As a senior member of the Helms staff, DeMoss-Fonseca was a player in Central America's bloody conflicts of a decade ago, although when she started as a Helms adviser in 1981, she was barely 21 years old. Fonseca, 48, was a senior military officer when his future wife began visiting Honduras. In 1991 he took over the military pension fund and in four years quintupled the fund's assets.
They married in 1993. When Fonseca retired last year, he decided to run for the presidential nomination of the National Party, even though he is a political neophyte. Primary elections are in December, and Fonseca and his wife are spending their own money on the effort so far.
One recent day started with a visit to a high school, then continued at a nursery school, a chat with leaders of a banana workers' union, an agricultural-research center and a home for senior citizens. The afternoon was spent meeting with directors of the Tela Railroad Co. and inaugurating a campaign headquarters here, followed by a dinner for supporters.
"Do I miss Washington? Of course," said DeMoss-Fonseca, sitting in the shady patio of a supporter's house in this town outside San Pedro Sula, Honduras' second city. "But I am fully happy here. . . . I think about Washington a lot; it was my life for 13 years. But most days this is a lot more fun. The Senate, that was great. But having a family is the greatest."

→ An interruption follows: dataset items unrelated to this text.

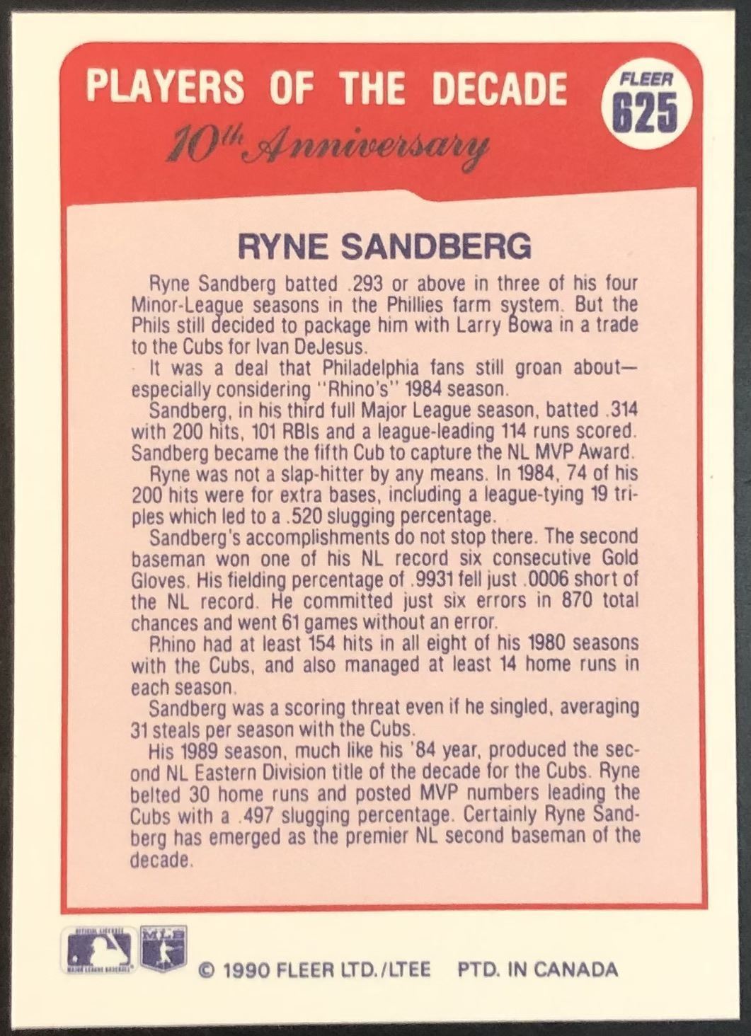Lot 133 1990 FLEER RYNE SANDBERG (HOF)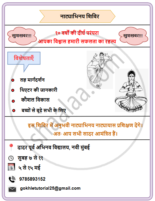 निम्नलिखित जानकारी के आधार पर विज्ञापन तैयार कीजिए :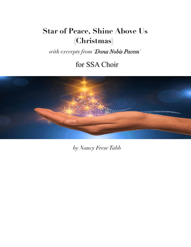 Choral Choir (SSA) - Level 2 - Digital Download SKU: A0.800116 Composed by Nancy Frese Tabb. Children,Christmas,Holiday,Multicultural,Sacred,World. Octavo. 9 pages. Nancy Frese Tabb #6564495. Published by Nancy Frese Tabb (A0.800116). Star of Peace, Shine Above Us, (Christmas version) arranged for a 3 part treble trio (SSA), is a timely seasonal piece. This song proclaims that Jesus' birth brings light into a darkened world and prays for peace. While beginning in unison. Star of Peace, Shine Above Us splits into 3 easy to learn parts during the original refrain. The refrain then evolves into 'Dona Nobis Pacem' adding an extra element and depth to the song. Perfect for an Advent or Christmas service , it can also be used in a holiday recital or concert. This piece is easily accessible and can be learned in just a few rehearsals. This product was created by a member of ArrangeMe, Hal Leonard's global self-publishing community of independent composers, arrangers, and songwriters. ArrangeMe allows for the publication of unique arrangements of popular titles and original compositions from a variety of voices and backgrounds. The length, difficulty, and retail pricing are determined solely by the discretion of the person who arranged or composed it. About Digital Downloads Digital Downloads are downloadable sheet music files that can be viewed directly on your computer, tablet or mobile device. Once you download your digital sheet music, you can view and print it at home, school, or anywhere you want to make music, and you don’t have to be connected to the internet. Just purchase, download and play! PLEASE NOTE: Your Digital Download will have a watermark at the bottom of each page that will include your name, purchase date and number of copies purchased. You are only authorized to print the number of copies that you have purchased. You may not digitally distribute or print more copies than purchased for use (i.e., you may not print or digitally distribute individual copies to friends or students).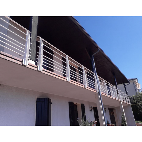 Garde corps avec poteaux en voile double et barreaudage horizontal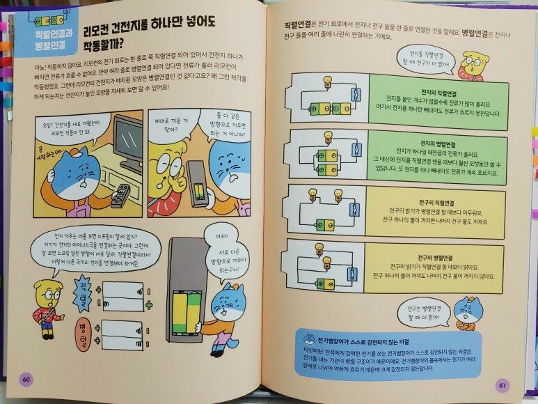 전기회로 만들기와 건전지의 전극(+,-)과 직렬/병렬 연결에 대한 설명이 추가로 되어 있어요.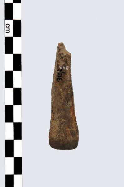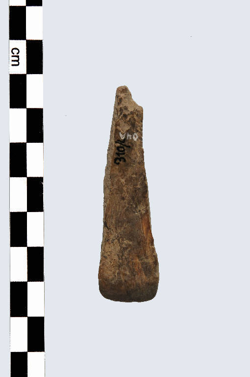 Spatola, di tipo A, a profilo approssimativamente triangolare senza distinzione tra impugnatura e tagliente, estremità distale rettilinea.

Together, they run Consultants International, founded when Fonseca left the army. Because their political and military contacts span the hemisphere, business is good.
DeMoss-Fonseca brags that she knew most of Central America's presidents before they hit the big time, when she toured the region's countries, cultivating friendships with lower-level politicians who have risen through the ranks.

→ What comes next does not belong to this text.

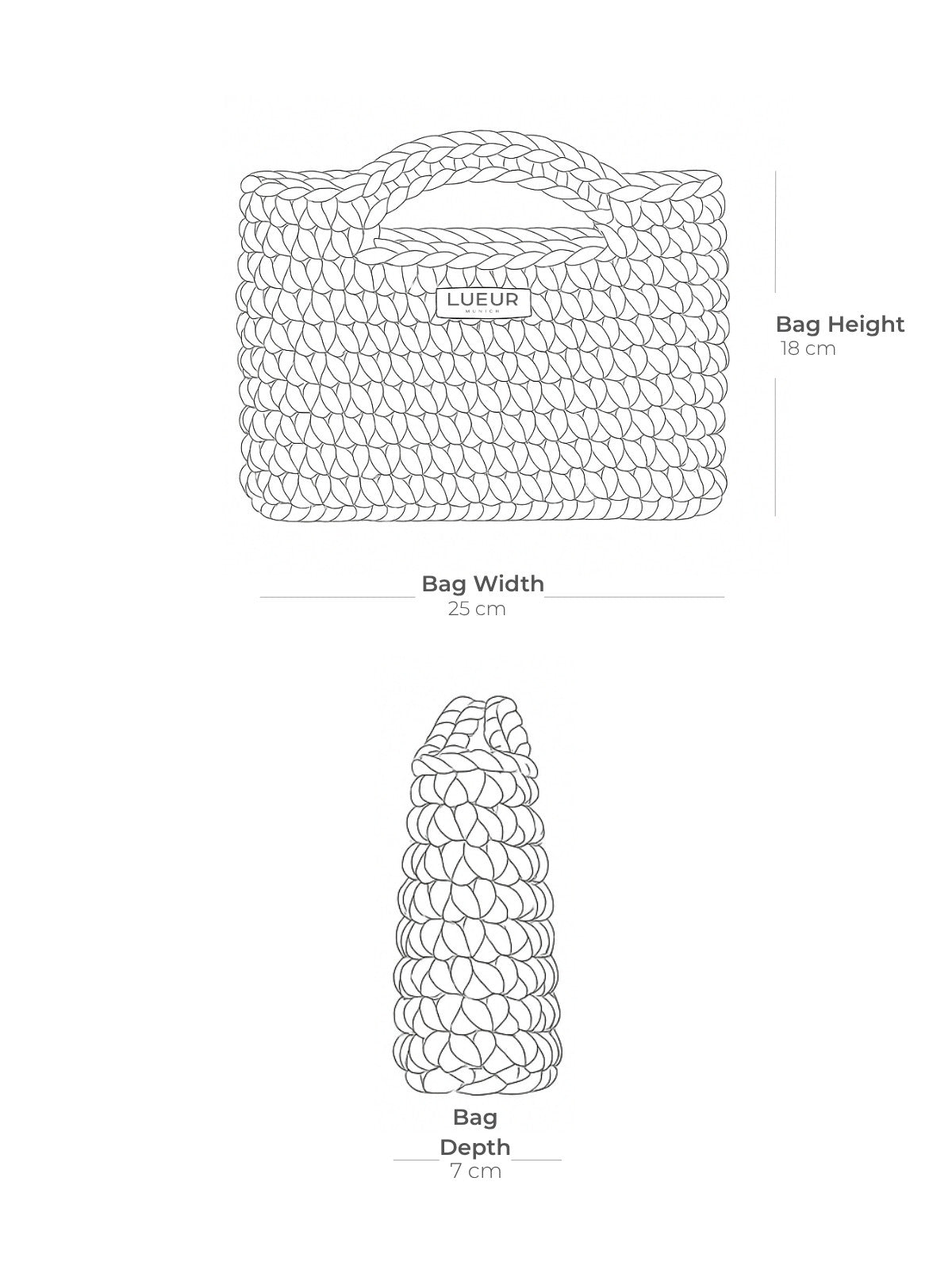 Slight variations of 1–2 cm are a natural result of the handcrafted process, making each bag truly one of a kind. These measurements serve as an elegant guideline — unique in texture, distinctive in character.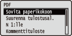 Kaikki PDF-tiedostojen USB-suoratulostuksen ja suoratulostuksen asetukset ja lyhyet kuvaukset luetellaan. Oletusasetukset on merkitty tikarilla (

How did a mover and shaker with an eye on starting her own career in U.S. electoral politics end up here? And this when her former boss, Helms, is wielding the greatest political clout of his Senate career?
The answer, the couple said, is love and God's hand. They met professionally and, after several years, realized they were in love. After a brief courtship, they married. Both are born-again Christians, and both said they felt this is God's plan for their lives.
At the time DeMoss-Fonseca was considering a job at the Pentagon and eyeing a possible run for Congress. But Fonseca made it clear that if they married, they would live in Honduras, not Washington. DeMoss-Fonseca says that was one of the things that attracted her: her husband's outspoken desire to stay and work in his own country.
Despite raising two children and campaigning, DeMoss-Fonseca, 35, remains close to Helms, who is the godfather of her older child, David. She is still consulted on bills, including the recently passed Helms-Burton bill that tightened economic sanctions against Cuba, one of her more cherished projects.
Unlike most Latin American politicians, Fonseca urges his wife to speak at campaign events. She often receives more press attention than he does. And there are the muffled jokes about his manhood, calling him Col. DeMoss and other barbs in a society where women hold few political posts.
But if Fonseca is bothered by this attitude, he does not show it. "It is unusual here, yes," Fonseca said. "I am the head of my house, but I like my wife to help. She has a lot of experience in campaigns, and she is my right arm. If politicians don't like it, tough."
DeMoss-Fonseca said she reminds herself every day that she has to watch what she says and how she says it. Because of her Washington ties, there are whispers that she is a CIA plant, sent to engineer Fonseca's election as president as part of some nefarious plan.
DeMoss-Fonseca, who worked her way up to the senior professional staff on the Senate Foreign Relations Committee, is remembered across Central America as a fiercely anti-Communist activist who, as Helms' Latin American adviser, helped set the Reagan-administration agenda for the region at a time when Central America was a burning policy issue - all while in her 20s.
Her detractors dubbed her "Death-Squad Debbie" for her ties to the contra rebels, the right wing in El Salvador and the Honduran military. "I believed in the contras," DeMoss-Fonseca said. "At that time we had communist insurgencies in all the countries. I believed, as did my boss, that the contras were important. We like to call them freedom fighters."